▶ WORK TO COMPLETE
Each line in the material below must be transcribed exactly; no picture belongs in the copy.

▶ INFORMATION GIVEN
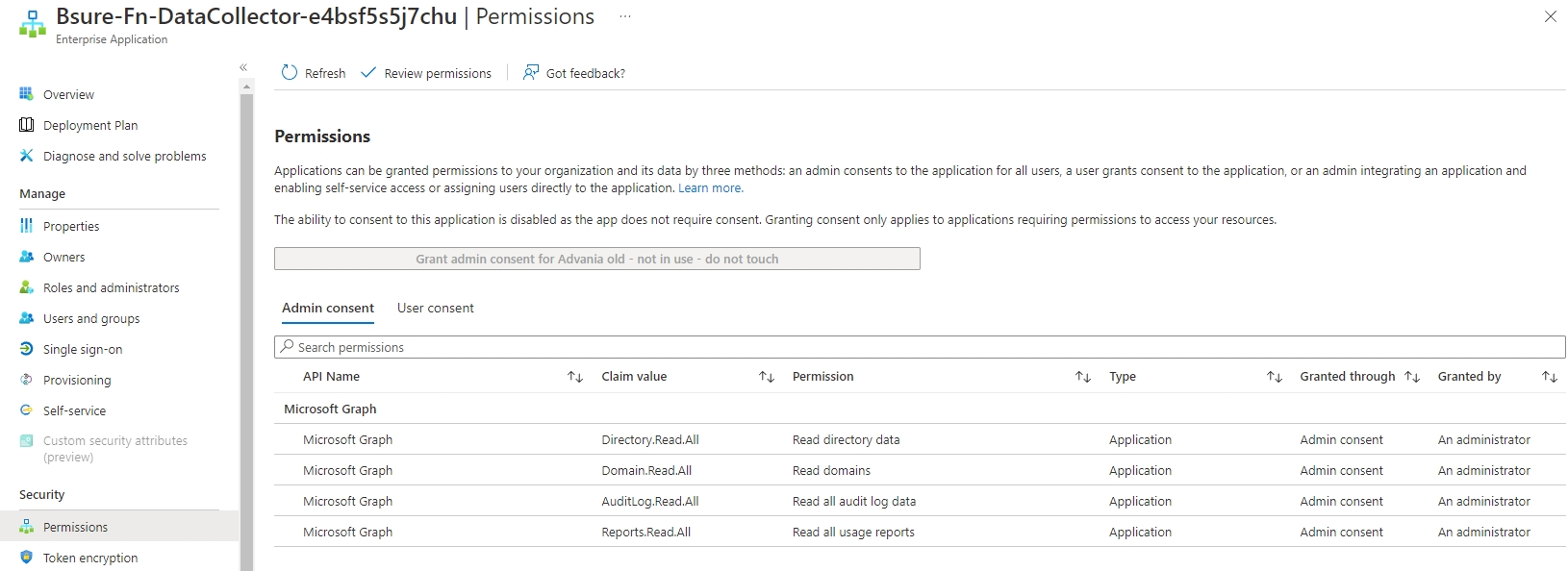 When you run the permissions script during the installation process, you give the Microsoft Graph permissions below to a Managed Identity used by the Azure Functions in the Managed Resource Group.
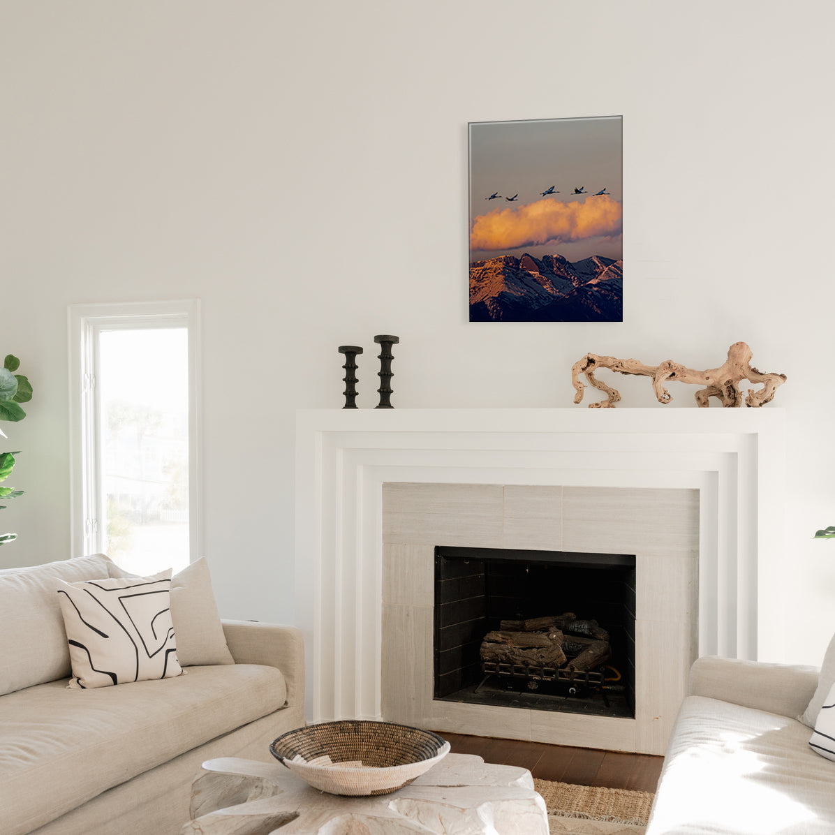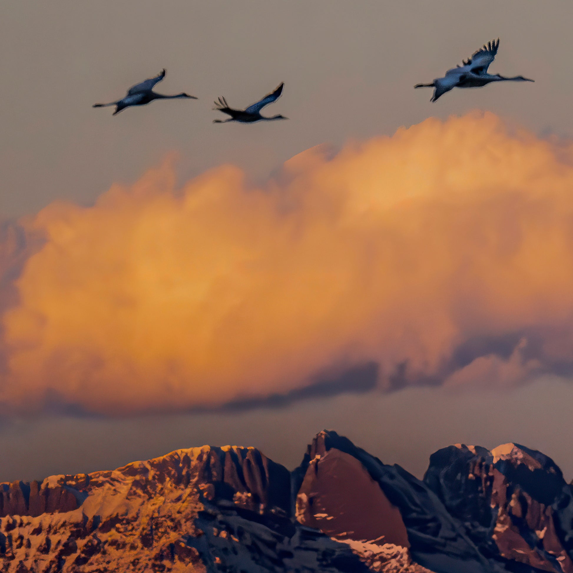Gavin Koester captures cranes mid-flight above a cluster of glowing clouds and a blaze of sunlit peaks. This is a photo so radiant, it practically soars off the wall.
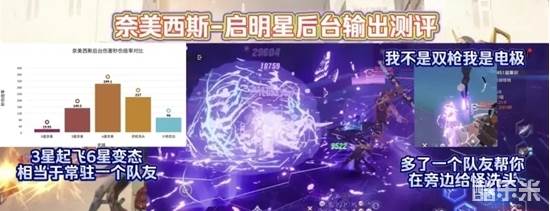 因此奈美强的不在增伤、不在回血,真的强的是这个电极的后台伤害,6星双电极直接是5星火枪离子灼烧伤害的翻倍还多,那能不强吗!
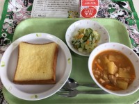 献立はちみつレモントースト牛乳ビーンズシチューフレンチサラダ
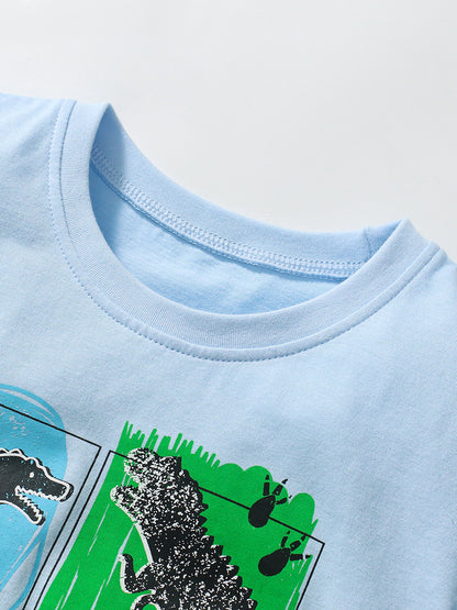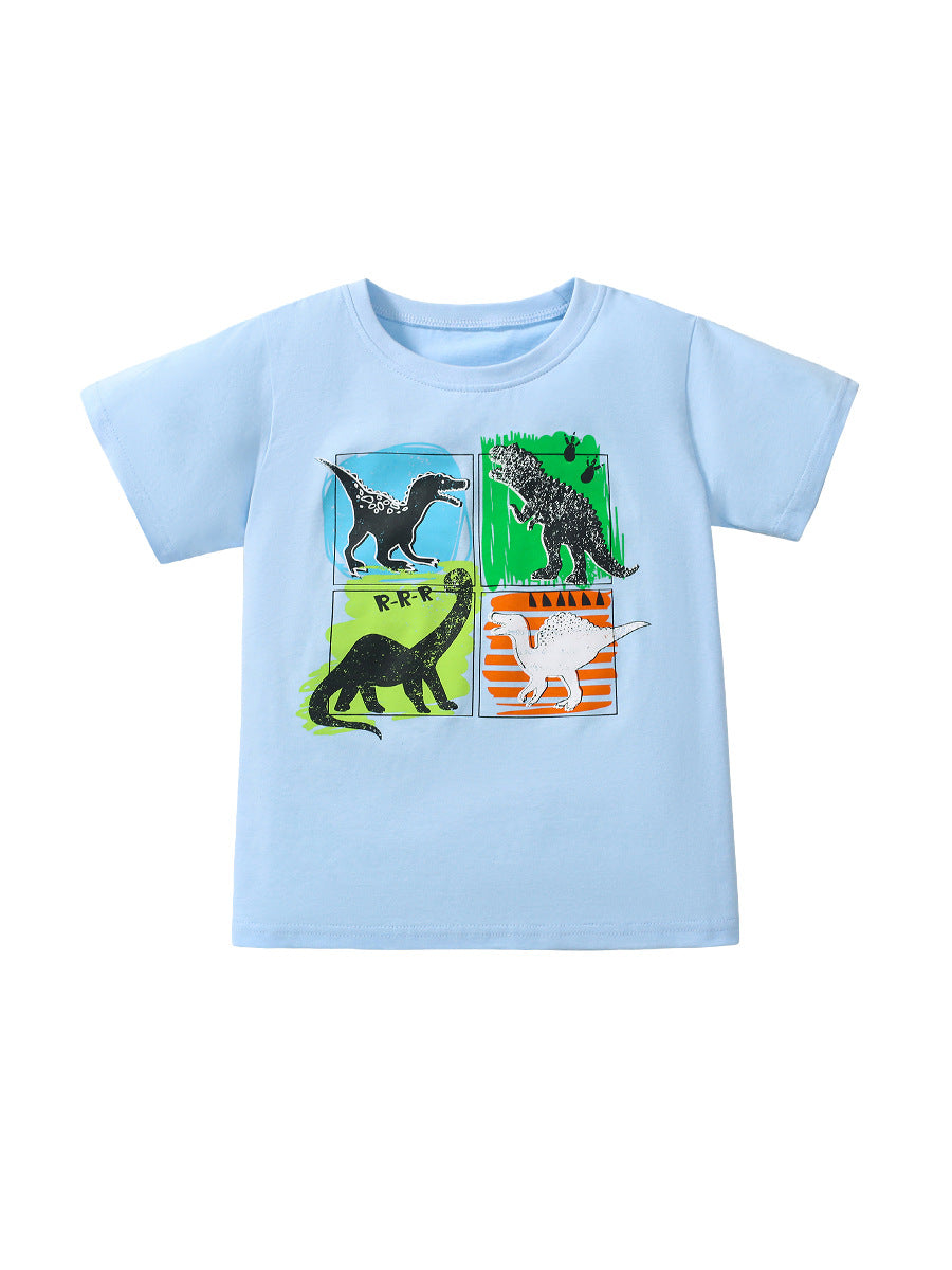 Boys Dinosaur Cartoon Print T-Shirt In European And American Style For Summer

▶ COMPLETED TASK
 When you run the permissions script during the installation process, you give the Microsoft Graph permissions below to a Managed Identity used by the Azure Functions in the Managed Resource Group.
Gavin Koester captures cranes mid-flight above a cluster of glowing clouds and a blaze of sunlit peaks. This is a photo so radiant, it practically soars off the wall.
 因此奈美强的不在增伤、不在回血,真的强的是这个电极的后台伤害,6星双电极直接是5星火枪离子灼烧伤害的翻倍还多,那能不强吗!
 献立はちみつレモントースト牛乳ビーンズシチューフレンチサラダ
 Boys Dinosaur Cartoon Print T-Shirt In European And American Style For Summer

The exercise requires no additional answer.